1. **Disease gene overlap** (if disease context provided):
   a. Get disease-associated targets from OpenTargets
   b. Intersect with SVGs
   c. For overlapping genes, get specific evidence
2. **Druggable target identification**:
   a. Run DGIdb_get_gene_druggability on all SVGs
   b.

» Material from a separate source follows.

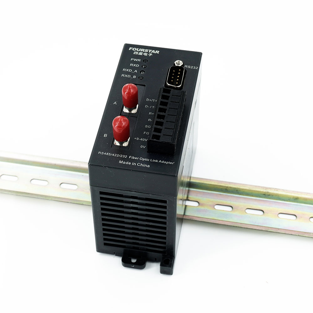 單纖雙光口RS485/422/232單模光纖鏈路模塊。1電2光,單纖傳輸,實(shí)現(xiàn)RS485/422/232信號(hào)高速遠(yuǎn)距離傳輸,徹底解決通訊中的電磁干擾、地線環(huán)路干擾和雷電破壞等工程難題??蓪?shí)現(xiàn)點(diǎn)對點(diǎn)、總線型、星形和混合型光纖網(wǎng)絡(luò)。數(shù)據(jù)透明傳輸,無需改動(dòng)原有的通信協(xié)議和軟件,速率0~500Kbps自動(dòng)適應(yīng),9~40VDC寬電壓隔離供電,適用光纖:單模 9/125、10/125、8.3/125um,光纖傳輸距離:0~10km,ST光纖接頭,-40~+85℃工業(yè)級(jí)工作溫度,DIN35mm標(biāo)準(zhǔn)導(dǎo)軌安裝。

For druggable genes, check OpenTargets tractability
   c. Get approved drugs for druggable spatial targets
3. **Clinical trials**:
   a. Search for trials targeting spatial genes in the disease context
   b. Prioritize trials for genes in disease-enriched spatial domains
4. **Cancer-specific** (if cancer):
   a. Check CIViC for clinical evidence
   b. Get mutation prevalence from cBioPortal (if specific mutations known)
   c. Check immune checkpoint genes in spatial data

---

## Phase 6: Multi-Modal Integration

**Objective**: Integrate protein, RNA, and metabolite spatial data when available.

### Tools Used

**HPA_get_subcellular_location** (protein localization):
- **Input**: `gene_name` (string)
- **Output**: `{gene_name, main_locations, additional_locations, location_summary}`
- **Use**: Compare mRNA spatial pattern with protein subcellular location

**HPA_get_rna_expression_in_specific_tissues** (tissue RNA):
- **Input**: `ensembl_id` (string), `tissue_name` (string)
- **Output**: Expression data for specific tissue
- **Use**: Validate spatial expression against bulk tissue data

**Reactome_map_uniprot_to_pathways** (metabolic pathways):
- **Input**: `id` (string) - UniProt accession
- **Output**: List of pathways
- **Use**: Map genes to metabolic pathways for metabolomics integration

**kegg_get_pathway_info** (KEGG pathway details):
- **Input**: `pathway_id` (string) - KEGG pathway ID
- **Output**: Pathway information including metabolites
- **Use**: Link spatial genes to metabolic pathways and metabolites

### Workflow

1. **RNA-Protein concordance** (if protein data provided):
   a. For each gene with both RNA and protein data:
      - Compare spatial RNA pattern with protein detection
      - Check HPA for known post-transcriptional regulation
      - Note concordant (expected) vs discordant (interesting) patterns
2. **Subcellular context**:
   a. Map spatial RNA localization to protein subcellular location (HPA)
   b. Secreted proteins -> likely paracrine signaling
   c. Membrane proteins -> cell surface markers
   d. Nuclear proteins -> transcription factors
3. **Metabolic integration** (if metabolomics available):
   a. Map genes to metabolic pathways (Reactome, KEGG)
   b. Link detected metabolites to enzyme-encoding genes
   c. Identify spatial metabolic heterogeneity
   d. Check for known metabolic zonation patterns

---

## Phase 7: Immune Microenvironment (Cancer/Inflammation)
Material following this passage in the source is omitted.